Second, the Plaintiffs were “parties” in the state court proceeding. Granted, the Plaintiffs claim they did not receive notice that they were parties to the proceeding but nevertheless, a class was certified and the interests were considered in the state court proceeding. The lack of notice problem should be an appeal of the state court decision, not a federal suit, when the relief requested would void the effect of the decision.

*1255Third, Plaintiffs claim the issues before this Court were not decided in the state court proceeding because they were not parties to that proceeding and therefore could not present the issues. Again, the conduct of the Defendants and the decisions regarding the timeshare holders were decided in the Clay County Circuit Court. Any dispute with the state court’s resolution of those issues should be appealed to state court. This Court simply lacks the subject matter jurisdiction to reverse or destroy the effect of a state court’s final judgment.

CONCLUSION

Defendant’s Motion to Dismiss is granted because this Court lacks subject matter jurisdiction. All other pending motions are denied as moot.

IT IS SO ORDERED.

. The parlies dispute whether the timeshare agreements were "licenses” or "interests.” This Court will call them "licenses” for consistency purposes only and will not decide whether the Plaintiffs had "interests” in the real estate or merely vacation "licenses.” The state court is the proper venue to decide the nature of the Plaintiffs interests.

. ETI leased the second, third, fourth and fifth floors of the Hotel for their timesharing vacation licenses. The timesharing agreements were created in 1984 and ranged from vacation licenses for one or two bedroom units. The units were usually available to the agreement holders for about seven days every year for a term of years.

. The timeshare licenses were sold in order to create "a stable customer base and income stream” for the Hotel.

. The Hotel’s ownership was clouded by a series of easements, liens and twenty million dollars in loans and bonds. Plaintiffs claim the City and the LCRA planned the condemnation because it was the only way to get a clean title to the property without compensating the timeshare holders. Defendants claim that the City really wanted to redevelop the Hotel and surrounding area because it was vital to the economy and so it condemned the Hotel hoping to attract a private developer. The City then implemented several redevelopment plans and projects offering lax increment financing for development of the area.

. On August 29, 1995 the City and the LCRA filed a Petition in Condemnation in the Circuit Court of Clay County, Missouri styled City of Excelsior Springs, Missouri, et al. v. Elms Redevelopment Corp. et al., The Petition named nine Gold Key Club members as class representatives.

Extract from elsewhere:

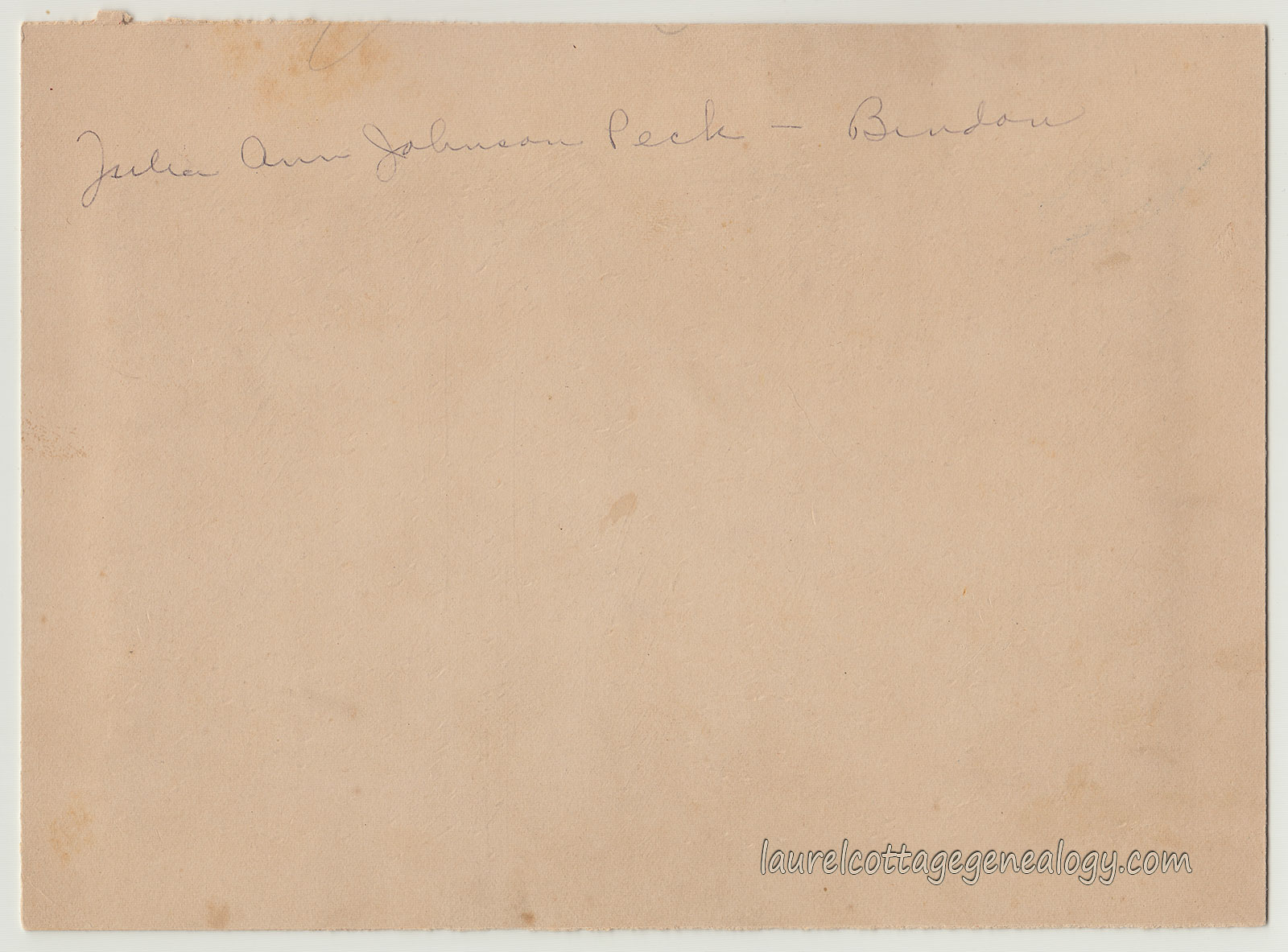 From the description on the back one assumes Johnson is Julia Ann’s maiden name, she married a Peck, and they lived in Bindon. However, the only Bindon for location shows up in Somerset, England, and no records were found there. So, other than Bindon being a street name or some type of remote possibility like the family called the home the Bindon house, or something like that, the next logical scenario is that Bindon was Julia’s second marriage.

. On October 17, 1995 the City and the LCRA moved to certify the defendant class of Gold Key Club members and notified the nine named class plaintiffs. On October 23, 1995 the Clay County Circuit Court certified the Gold Key Club member class. The Circuit Court appointed commissioners to value the property being condemned and to determine each defendants’ interest in the condemnation award. The commissioners determined net damages of $675,000 on March 14, 1996. On April 1, 1996 the City and LCRA selected Millennium to redevelop the Hotel and area. On July 31, 1996 the Clay County Circuit Court entered its order finalizing the Elms Hotel condemnation. The Circuit Court found that six deeds of trust securing obligations in excess of $20 million encumbered the Elms and that the City and LCRA were beneficiaries under the deeds. The City and the LCRA subsequently received superior rights and interests to the property and the $675,000 condemnation award.

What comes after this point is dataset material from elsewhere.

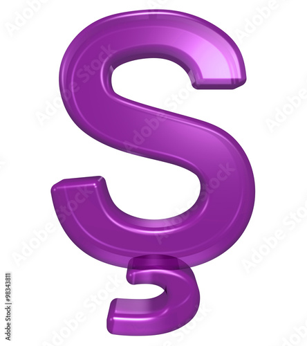 One letter from purple glass alphabet set, isolated on white. Computer generated 3D photo rendering.

. Plaintiff's claim this Court has jurisdiction to order that Plaintiffs are not "bound by the condemnation award" entered in state court. However, the effect of such an order, if entered, would be to restart the whole condemnation process from the commissioners’ evaluation of the net worth of the Hotel to the award of distribution if the Plaintiffs wanted priority for their timeshare licenses. This Court cannot "redo” the decision already made in state court.